The average trip is 1300 miles.
Distance varies based on the state, territory, or possession being served. A single driver can drive 450 to 500 miles per day. Team or relay driving can go farther in a 24-hour period. Dedicated service can move goods cross-country by the third morning.
More normal times are 4- 7 days.
A common carrier may be referred to as the prime carrier.
A Prime Carrier.
Is the principal or overlying common carrier. The prime carrier enters into a contract with a shipper to provide transportation services, but in turn, engages the services of another authorized common carrier or independent contractor (sub-hauler) to perform the transportation service.
They offer service either on a truckload (TL) or on a less-than-truckload (LTL) basis.
Truckload (TL).
Means the goods of only one customer are being carried on the vehicle. There generally are low start up costs associated with these operations because the truck equipment is the primary expense.
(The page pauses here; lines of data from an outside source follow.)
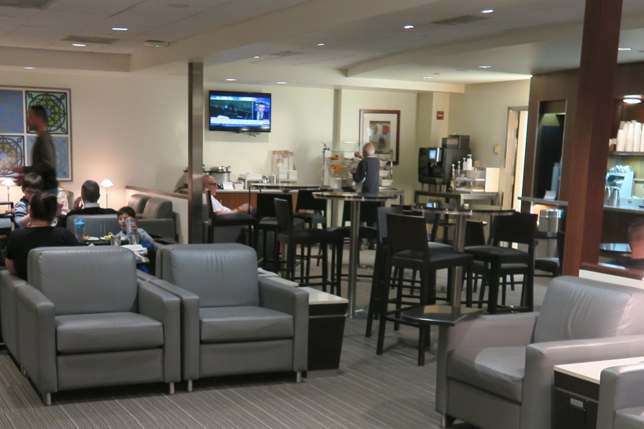 After connecting to PHL, I visited the Admiral's Club between gates A4 and A6A. I had access the lounge two ways: As an Executive Platinum elite or as a business-class passenger on this flight. This Admiral's Club lounge is really small, as we found out when we reviewed it, which meant there weren't many places to sit. Normal Admiral's Club snacks were on offer: two type of soups, hummus, carrots, olives, tomatoes, cookies and brownies.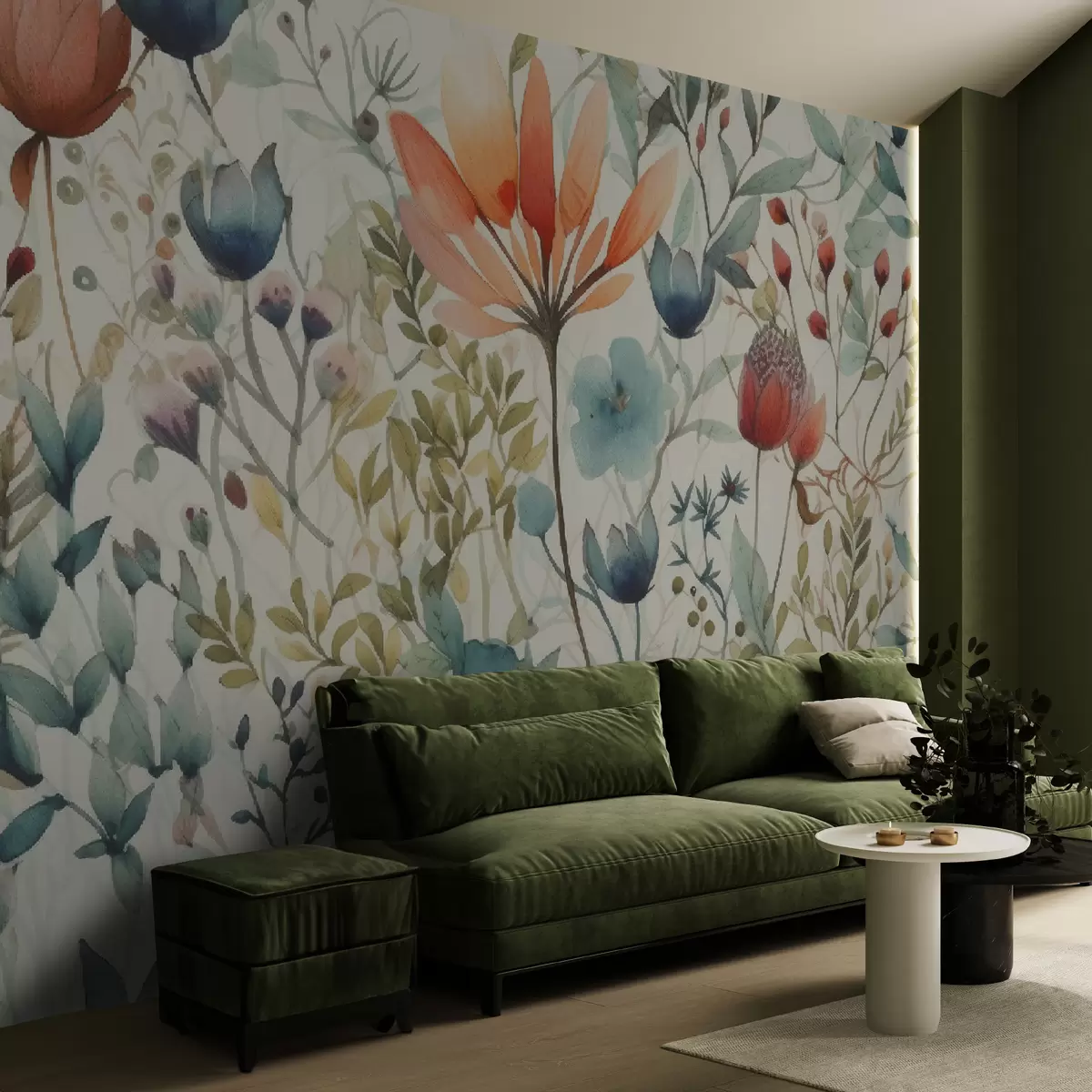 Transforming your living room with the Wall murals Flowers in pastel colors creates a serene and inviting atmosphere. The botanical art featuring delicate wild flowers breathes life into the space, encouraging relaxation and uplifting spirits. Soft hues blend harmoniously, making the room feel brighter and more open. The naturalistic design invites the beauty of the outdoors inside, fostering a sense of peace and tranquility. This vibrant yet subtle decor enhances your living area, creating a refreshing and dynamic environment where you can unwind.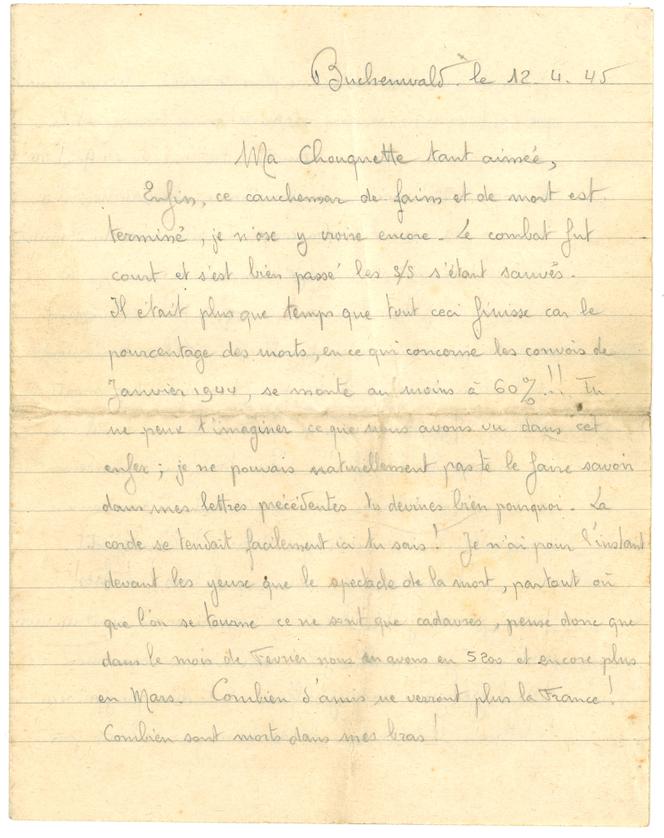 Enfin,ce cauchemar de faim et de mort est terminé. Je n’ose y croire encore. Le combat fut court et s’est bien passé,les SS s’étant sauvés. Il était plus que temps que tout ceci finisse car le pourcentage des morts,en ce qui concerne les convois de janvier 1944,se monte au moins à 60 % ! ! Tu ne peux t’imaginer ce que nous avons vu dans cet enfer ; je ne pouvais naturellement pas le faire savoir dans mes lettres précédentes,tu devines bien pourquoi. La corde se tendait facilement ici tu sais ! Je n’ai pour l’instant devant les yeux que le spectacle de la mort,partout où que l’on se tourne ce ne sont que cadavres,pense donc que dans le mois de février nous en avons eu 5 200 et encore plus en mars. Combien d’amis ne verront plus la France ! Combien sont morts dans mes bras !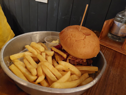 Read moreNos gustó conocer Mi Barrio! El ambientes es moderno y cálido, pero algo intranquilo y ruidoso. Se puede comer dentro del lugar en un espacio reducido y sino afuera al aire libre donde se encuentran la mayoría de las mesas. No hay servicio de mesa, por lo tanto, cada persona debe ir a la caja y pedir lo que quiere para que luego se lo alcancen a su mesa. Es importante tener paciencia luego de realizar el pedido porque muchas veces hay demora debido a la gran concurrencia, sobre todo los fin de semana en horarios pico (21 a 23 hs). Para comer no hay mucha variedad, pero sí varias opciones. Se puede comer hamburguesa (14 tipos) o sino ensalada (2 tipos) y también se pueden pedir unas papas o aros de cebolla como snack. Para beber hay pocas opciones, ofrecen cervezas de marca (Stella Artois, Patagonia, etc) y artesanal, gaseosas y aguas saborizadas. Nosotros pedimos las hamburguesa Caseros y la Palermo Hollywood y las 2 estaban bien presentadas, grandes y ricas. Nos pareció que los precios podrían ser un poco más bajos debido a que en otros lugares de la zona se pueden comer hamburguesas muy buenas por precios menores. También pedimos unas pintas de Patagonia y Stella Artois que estaban bien frescas. Hay estacionamiento gratuito y seguro pegado al lugar y sino en colectora....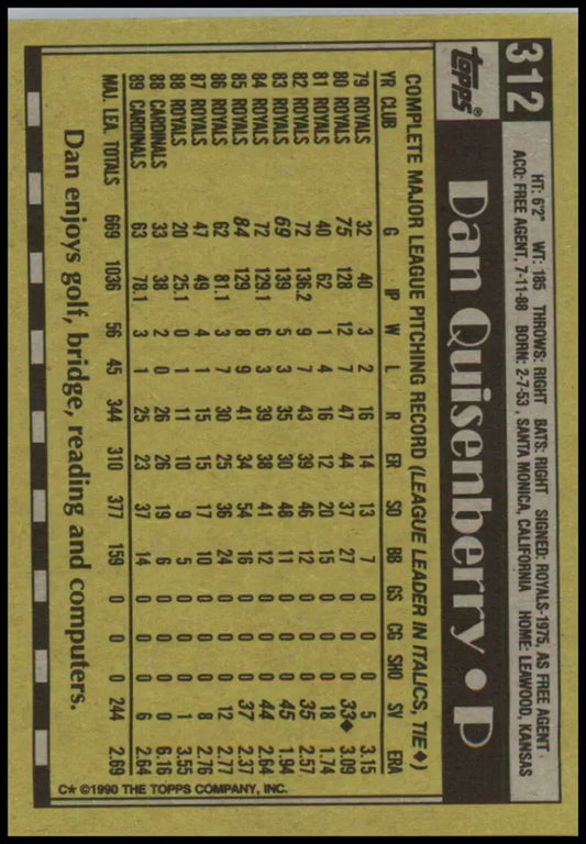 1990 Topps #312 Dan Quisenberry NM-MT St. Louis Cardinals Baseball Card
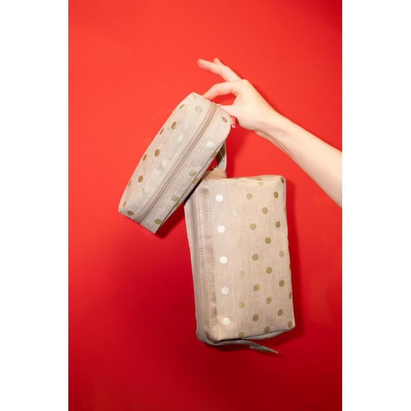 reisenthel Multicase Colourful and Modern Design Multi-Use Case Ideal for Cosmetics, School or Work Supplies, Metallic Dots Coffee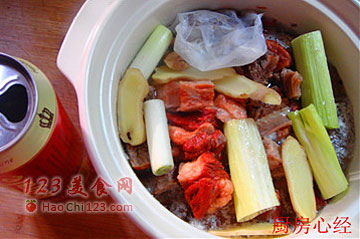 10、补足清水超过肉块2厘米,可以适当加盐,就不用再加任何调料了。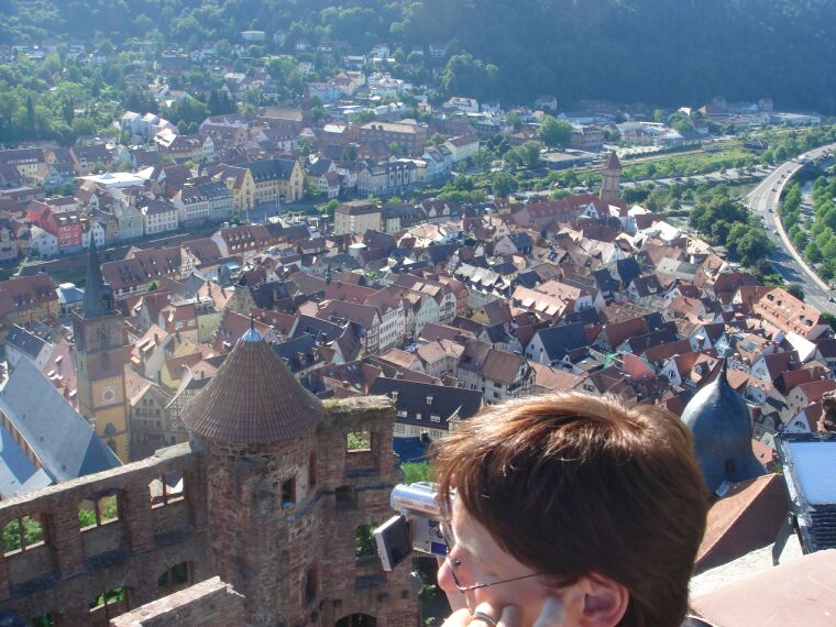 Obwohl es so warm war, mussten wir noch auf die sehenswerte Burg steigen. Hier Ulla bei der Anfertigung des Beweisfilmes: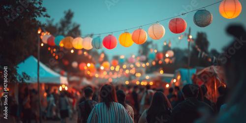 © MNStudio, Naklejka premium Outdoor festival with colorful lanterns and people enjoying the festivities on evening.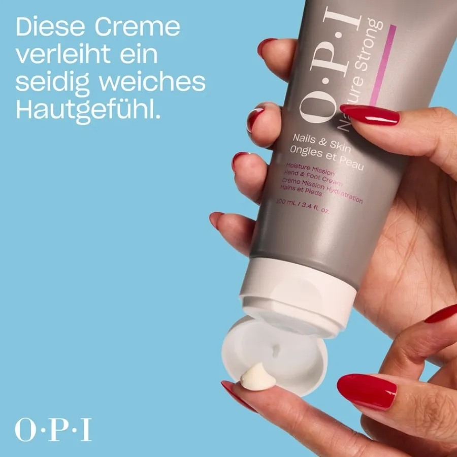Moisture Mission Hand & Foot Cream van OPI is een voedende crème voor handen, voeten en nagels. OPI is een merk van Wella en beschrijft zichzelf als de “wereldmarktleider in professionele nagelverzorging”. Dankzij het innovatieve productassortiment is het merk erg populair bij professionele en particuliere gebruikers. Het portfolio omvat hand- en voetverzorgingsproducten, nagelbehandelingen, afwerkingsproducten, lotions en acrylproducten.

Less-than-truckload (LTL).
Means a vehicle is carrying the goods of many customers. This service has much higher start up costs because in addition to equipment costs, assembly and distribution facilities must be created to consolidate and then distribute the freight.
Inter-modal refers to the use of various forms of transportation (ships, trains, planes and trucks) used to move goods from other countries to the United States and across the continent.
In the 1980’s, trucks spearheaded the just-in-time revolution. It was motor carriers and shippers who were the first to experiment with set times for pick up and delivery so that less inventory was needed in the overall production process. In essence, their actions began integrating transportation into manufacturing and distribution as another business process.
Motor carriers face competition from airfreight for high value commodities and from railroads for lower value goods.
On high value goods, the competition pits traditional airfreight services against package express or courier services as well as expedited carriers. Because transportation costs are a small portion of the purchase price of these goods, firms are willing to pay premium rates. In this segment of the industry, delivery is predicated upon strict time and service requirements.
Air freight has an average value of $26 per pound and package express $15 per pound, while trucking’s general average shipment value is 35 cents per pound. Here carriers compete for commodities like computers and related goods, fresh flowers and foods, as well as letters and business documents.
On lower value goods, trucks share a dual nature relationship with railroads. They cooperate in providing inter-modal services. They also compete to capture market share on goods like automobiles and auto parts, food and kindred products, and inter-modal shipments. Weight and distance affect this competition.
In general, under 100 miles, competition occurs only on shipments weighing more than 60,000 pounds.
At 100-300 miles, competition occurs on shipments weigh between 60,000 and 90,000 pounds.
At 300 -500 miles, competition occurs on shipments that weigh between 30,000 and 90,000 pounds.
At 500 miles or more, commodities weigh between 10,000 and 60,000 pounds.
It should be noted that shipments in excess of 50,000 normally require a special permit to operate configured as a single load. The heaviest single trucks usually serve this part of the market or longer combination vehicles that run under more tightly controlled conditions than general trucking.
Because of these vehicles’ ability to compete with railroads, the rail industry is keenly interested in assuring that the current competitive market environment is maintained.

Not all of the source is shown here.